Well I've recently realized that I'm smitten by a guy 5 years younger than me. It's a lost cause from the offset, and I've told him as much. It may be because of my mindset or just the things he does (I swear you'd think he were 5!) but its doomed from the get go. I find it interesting though. I know about 5 gals my age going out with younger men with the ages ranging from a 5 -10 (!) year difference. I'm not sure how serious they are, but one wonders. Is it that we've gone desperate and anything would do? Is it that younger men are more sensitive? Is it that we're holding on to the dredges of youth and would do anything to hold on to that fleeting feeling of belonging to the era?

Whatever it is, I won't deny that I smiled at the thought and was entertained by the advances of a man so young.

Monday, May 23, 2011

Singleness *sigh*

Single women are their own worst enemies. To explain: The other day I went out with 4 single girls to watch a play. After that, we went out on the rave. In all this time, we only spoke and interacted with each other and people we knew. How really do we expect to get men? How now?

On the other hand though, I was having a discussion with a pal of mine who met her husband while in campus and we agreed that things aren't the same as they used to be. Getting a man is so much more difficult now. You see, when you're both students you look at the world with starry eyed wonder and nothing but great hope and optimism in the future. You'll be the best darned doctor/accountant/lawyer/farmer/anthropologist that the world has ever seen and you will be married by 25 with 3 kids by 30. You will work on making the world a better place. And your potential success is not a problem. If say, your studying Actuarial Science, you may drop out, so you're not necessarily a threat to the boys.

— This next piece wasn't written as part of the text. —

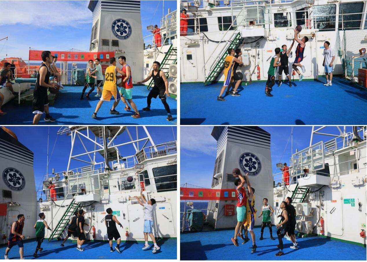 为保障篮球赛安全开展,船上组织对篮球场塑胶地面进行了重新铺设,在场地四周架设护栏等防护措施,并要求参赛队员互相保护注意安全。通过海上篮球赛的举办,丰富了大家的海上生活,球员们交流更加深入,增进了友谊,同时也提高了身体素质和团队凝聚力。篮球赛后全体船队员将以更饱满的热情投入到后续的海上科考工作中。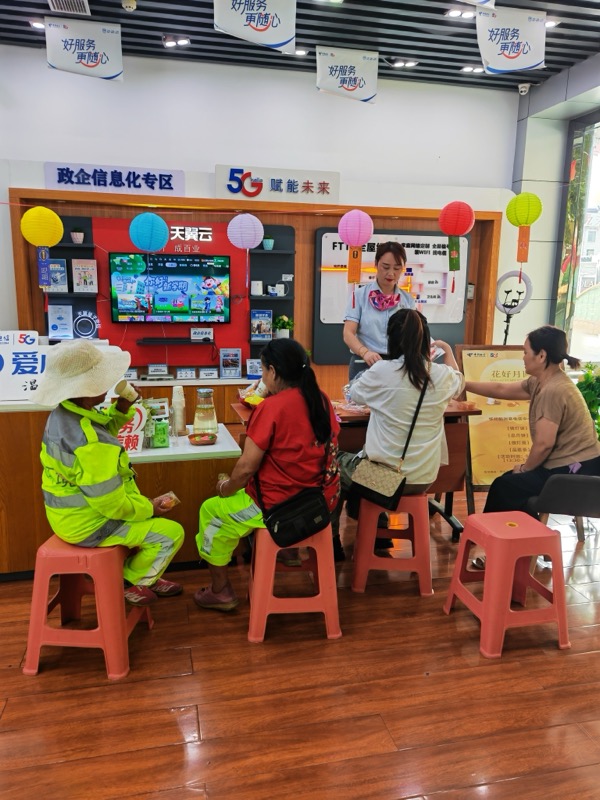 “愛心翼站”為戶外勞動者營造溫馨的節(jié)日港灣。每到節(jié)假日,中國電信湖南懷化分公司“愛心翼站”就積極組織各類關(guān)愛活動,為環(huán)衛(wèi)工人、外賣小哥等戶外工作者提供免費茶水、充電等公益服務(wù),讓戶外工作者體驗別具一格的節(jié)日味道,傳遞電信溫暖,將“滿意服務(wù),十分信賴”落實到大家的心坎上。

Fast forward a number of years later after you're established in your carrier (not nice carriers like nursing which presuppose that you're a caring being .. let's stick with the actuarial science example - cold, precise, impersonal). The average dude, even in the same profession or doing better than you tends to be somewhat threatened by you. That's not even talking of the guys who perceive you to be out of their league. Then God forbid you should get yourself a nice car or (gasp) start paying a mortgage! By so doing, you buy yourself a slot in the 'untouchable' category .. right up there next to Martha Karua! A male pal explained that that is just too much pressure on a dude ...

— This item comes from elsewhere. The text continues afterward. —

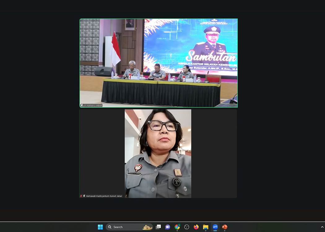 Pada aula, Kepala Kantor Wilayah Asep Sutandar bersama Kepala Bidang Pelayanan AHU Ave Maria Sihombing hadir dalam kegiatan yang menghadirkan narasumber dari Ditjen AHU dan mengundang PPNS di wilayah Jawa Barat, selain itu Kepala Divisi Pelayanan Hukum Hemawati BR Pandia juga turut mengikuti kegiatan secara daring melalui Zoom Meeting dari tempat kerja.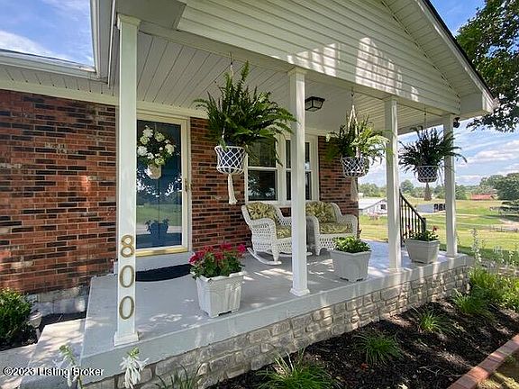 A little piece of paradise awaits you at 800 Stonehouse Road. Three-bedroom two bath brick ranch style home with partial unfinished walkout basement & two car 24x30 detached garage situated on 2.65 serene country acres near town. Covered front porch greets you as you enter into the the desirable open floorplan. Living Room with nice hardwood floors & cozy fireplace. Kitchen has large pantry & comes equipped with full complement of fingerprint resistant stainless appliances including range/oven, refrigerator, dishwasher & microwave. Carpeted Primary Bedroom suite offers a jacuzzi tub. Two additional carpeted bedrooms & full hall bath with walk in shower complete the main level of the home. Unfinished basement is great for storage or can be finished to your liking. New windows in November of 2022. Venture outdoors to enjoy the rear deck, patio & lovely gazebo all great entertaining options. 30x40 building as well as barn with 2 stalls, lean to & storage. Come home to the quiet country living with excellent commute location to Louisville, E-town & Ft. Knox as well as close proximity to all the amenities that historic Bardstown has to offer.

So what to do? Stick to the 'I'm a tea girl'!

Monday, April 4, 2011

Childless Women

On Easy FM in the morning jana, their topic of discussion was childless women. The question was whether it was normal for a woman to consciously decide that she didn't want kids. Whether there was something innately wrong with her. The examples used were of women who claimed not to want kids because they make too much noise ... I've however chanced upon women who know that they won't have kids saying that they lack the calling or the interest. Most callers were of the view that those women are selfish and immature. Got me thinking...

In my case, I don't have kids and am not in a hurry to get any. I realize that with my biological clock ticking away, it may be too late by the time I settle down and am ready for them. And that doesn't really bother me. I figure that adoption is always an option if need be. I wouldn't want to end up like those jungus who have nothing but their dogs to care for in their old age, but are kids the ultimate prize? Isn't it mean to have kids just for the sake of it? Aren't there enough of them suffering out there? Isn't it also mean to be 50 year old parents of pre-teens?

Maybe it's just a private decision that should be left thus.

Sunday, March 13, 2011

Relationships gone to Hell

I often think that it's very unfortunate being a chick. There should be a 3rd option which we should have the freedom to choose once were 21 (... well maybe 30). You see women love whole heartedly with all their being. They give their all and their soul to this person whom they have earmarked as their own.

Why is this a tragedy? Meet a few ladies below (names obviously false):

Mary - A girl from a rich family. She fell in love and dropped out of high school at form 3 to go live with her lover, a matatu tout no less. She got pregnant and was disowned by her family. Last I heard, she had 4 kids with this bloke, lived in a bedsitter in Eastleigh and he had so many wives/girlfriends that Akuku Danger (rest his soul in peace) would have been impressed. She loves him.

Maggie - She's in love with a married man. By the time she made the conscious decision to fall pregnant with his child, she was well aware that he had 3 wives in 3 countries but somehow beleived that she would be the one to tame him. Her baby is now 7 and she has a good enough job to take care of her. But you know what the worst part is? She still gets hurt whenever she doesn't manage to garner a decent amount of time from Baby Daddy for herself. She loves him.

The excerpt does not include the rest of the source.